Hersende lui en versa un fond qu’elle avala d’un air déçu, soupira et enfin reprit :

— En arrivant, nous avons vu un cheval attaché à l’un des cyprès qui entourent la chapelle. Nous sommes descendues et j’ai lié nos mules près du destrier tandis que ma dame entrait seule dans l’oratoire. Par discrétion, je me suis un peu écartée pour… regarder le paysage, ajouta vertueusement Honorine avec un coup d’œil inquiet en direction de la Reine. Ce qui fait que je n’ai rien entendu. Je ne suis d’ailleurs pas restée longtemps : un homme est apparu au seuil qui m’a fait signe de venir…

— Un homme ? Quel homme ? demanda Marguerite avec impatience.

— Ma foi je… je ne sais pas ! Un homme pas très jeune, habillé de cuir comme nos écuyers, mais sans armoiries sur sa cotte… Il était de chez nous, en tout cas, et je suis entrée sans méfiance.
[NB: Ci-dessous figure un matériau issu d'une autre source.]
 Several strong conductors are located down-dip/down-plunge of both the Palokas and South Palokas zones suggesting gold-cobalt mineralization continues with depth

Après… je ne me souviens plus de rien, sauf que j’ai reçu un bon coup sur la tête…

— Et vous n’avez rien vu, rien entendu ?

— Ma foi non. Il faisait sombre là-dedans et après la grande lumière du jour j’étais éblouie… Quand je me suis réveillée, j’avais un mauvais goût dans la bouche, la nuit était tombée et il n’y avait plus âme qui vive. Tout avait disparu : dame Sancie, les mules, le cheval et l’homme inconnu… J’étais seule !, brama-t-elle soudain en revivant la peur qu’elle avait éprouvée. J’ai appelé, cherché… Personne ne m’a répondu… Il commençait à faire froid et je savais que les portes de la ville seraient fermées, alors je me suis réfugiée dans la chapelle pour essayer de dormir ; mais j’étais terrifiée par le moindre bruit et n’ai pas pu trouver le sommeil. À la levée du jour je suis partie…

Là-dessus, ayant vidé son sac, elle éclata en sanglots tellement bruyants que la Reine, très soucieuse, indiqua d’un geste qu’on l’éloigne. Ce dont la vieille Adèle se chargea sans oublier d’emporter le pot de vin.
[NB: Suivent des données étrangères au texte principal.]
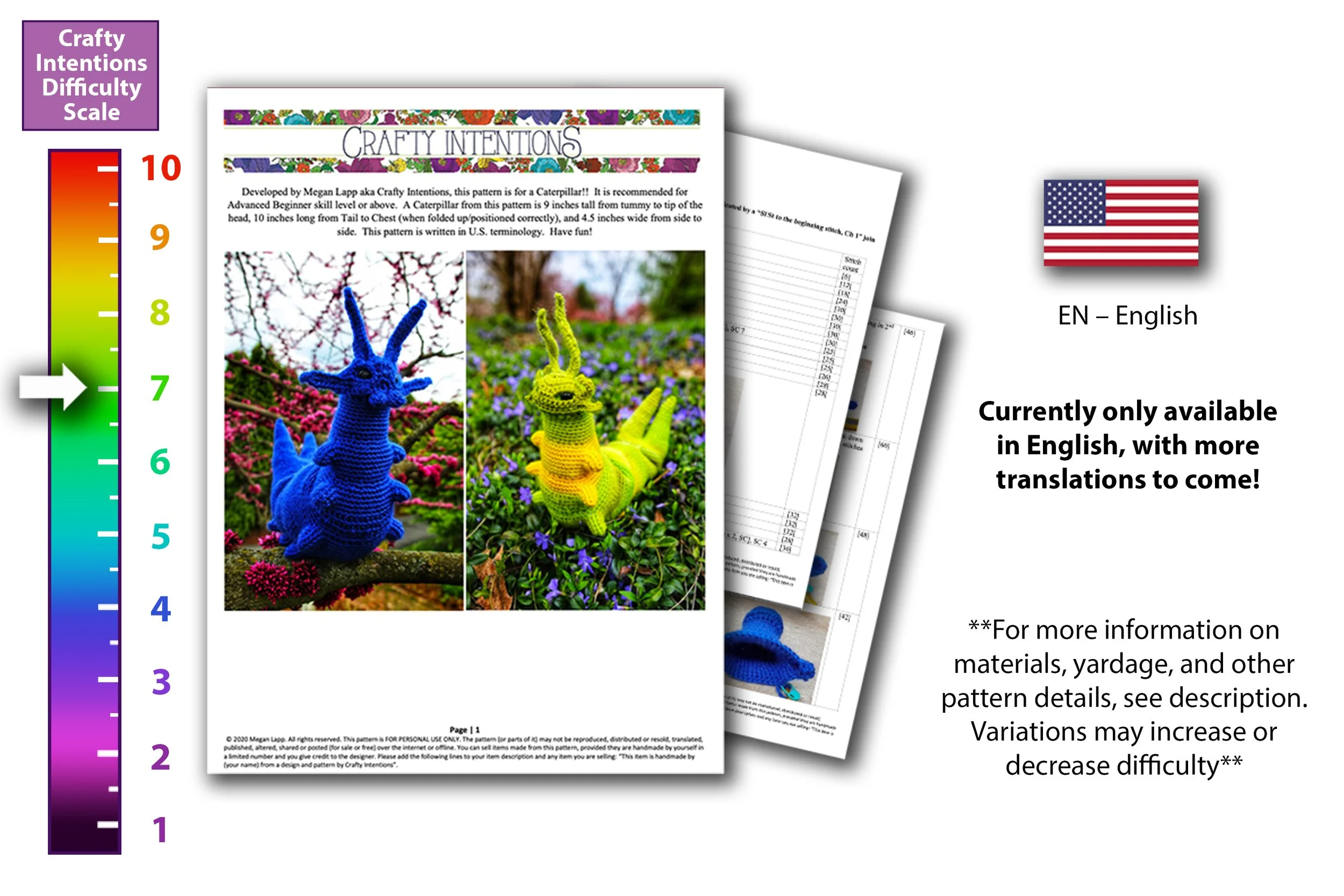 This pattern is 36 pages long with clearly explained instructions for each round and many step-by-step photos. In this pattern there is one body that you can customize with two different face plate options. The caterpillar is made in all one piece except for the face plate. A Caterpillar from this pattern is 9 inches tall from tummy to tip of the head, 10 inches long from Tail to Chest (when folded up/positioned correctly), and 4.5 inches wide from side to side. This pattern is suitable for an intermediate skill level and is rated 7 out of 10 on the Crafty Intentions Difficulty Scale. This pattern is available in English. Purchase by using the links below.

— Quand elle en aura assez bu, elle dormira peut-être, fit-elle en guise de commentaire.

Marguerite, qui venait d’achever sa toilette, pria les dames présentes – Elvira de Fos y compris – de se retirer afin de pouvoir s’entretenir seule avec Hersende.
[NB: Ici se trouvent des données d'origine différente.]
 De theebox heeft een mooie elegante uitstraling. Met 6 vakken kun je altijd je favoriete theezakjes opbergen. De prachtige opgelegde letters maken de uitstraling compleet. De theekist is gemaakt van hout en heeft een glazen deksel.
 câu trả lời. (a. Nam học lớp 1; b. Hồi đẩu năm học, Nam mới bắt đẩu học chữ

— Sancie a été enlevée, car il n’y pas d’autre terme à employer, fit-elle avec agitation, donnant ainsi libre cours à son inquiétude. Mais par qui et dans quel but ? S’il s’agissait d’une histoire d’amour, je ne vois pas pourquoi il y faudrait tant de mystères. Elle est libre d’elle-même.

— Certainement pas ! Souvenez-vous, Madame, la lettre qui l’a attirée parlait d’une menace vous concernant… Il est bien dommage que nous ne puissions tenir ce message.

— On lui a demandé de le brûler. N’importe, je ne vois pas ce que nous pourrions en tirer : je suppose que cette pauvre Honorine en a rapporté fidèlement le contenu. Il y a, évidemment, cette signature…

— … qui ressemble à un R ? J’ai remarqué et je me demande si cette initiale ne désigne pas le chevalier de Courtenay ?

La Reine parut soudain profondément choquée. Elle rougit, pâlit, puis reprit à travers sa chambre la déambulation qu’elle avait un instant interrompue, tandis que la miresse poursuivait :

— Dame Sancie a certainement pensé que le message venait de lui parce qu’elle le connaît bien. Elle sait à quel point le… bonheur de la Reine est cher à messire Renaud. Que dire alors de sa sûreté ?

— Vous… vous croyez ?

— J’en suis persuadée, Madame, murmura Hersende qui ne put s’empêcher de constater que le teint délicat de la jeune femme s’empourprait de nouveau quand elle ajouta : Autant dire les choses comme elles sont. Il n’y a là rien dont vous puissiez vous offenser : le chevalier vous aime et je crois bien depuis le premier jour. Et dame Sancie le sait.